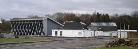 A large hall was constructed in the north-east angle of the school in 2005. It dominates the complex by its height and grey-clad walls, the north wall being composed of glass panels set at an acute angle to the ground and “propped” up with large steel rods.
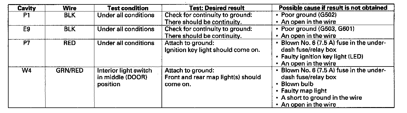 Control Unit Input TestNOTE: Make sure the ignition switch is OFF before disconnecting the under-dash fuse/relay box connectors.
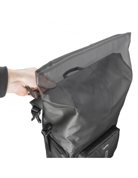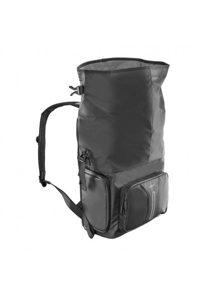 - Upper section accessible with lots of space for special equipment. Backpack is rolled shut. Material and zips are water-repellent. Thanks to the rain protection cover, everything will remain dry, even in heavy rain.

■ ■ ■ ■ ■

# TASK:
Leave out all pictures, then copy the remaining material exactly.

# RESPONSE FOR THIS EXERCISE:
 A large hall was constructed in the north-east angle of the school in 2005. It dominates the complex by its height and grey-clad walls, the north wall being composed of glass panels set at an acute angle to the ground and “propped” up with large steel rods.
 Control Unit Input TestNOTE: Make sure the ignition switch is OFF before disconnecting the under-dash fuse/relay box connectors.
 - Upper section accessible with lots of space for special equipment. Backpack is rolled shut. Material and zips are water-repellent. Thanks to the rain protection cover, everything will remain dry, even in heavy rain.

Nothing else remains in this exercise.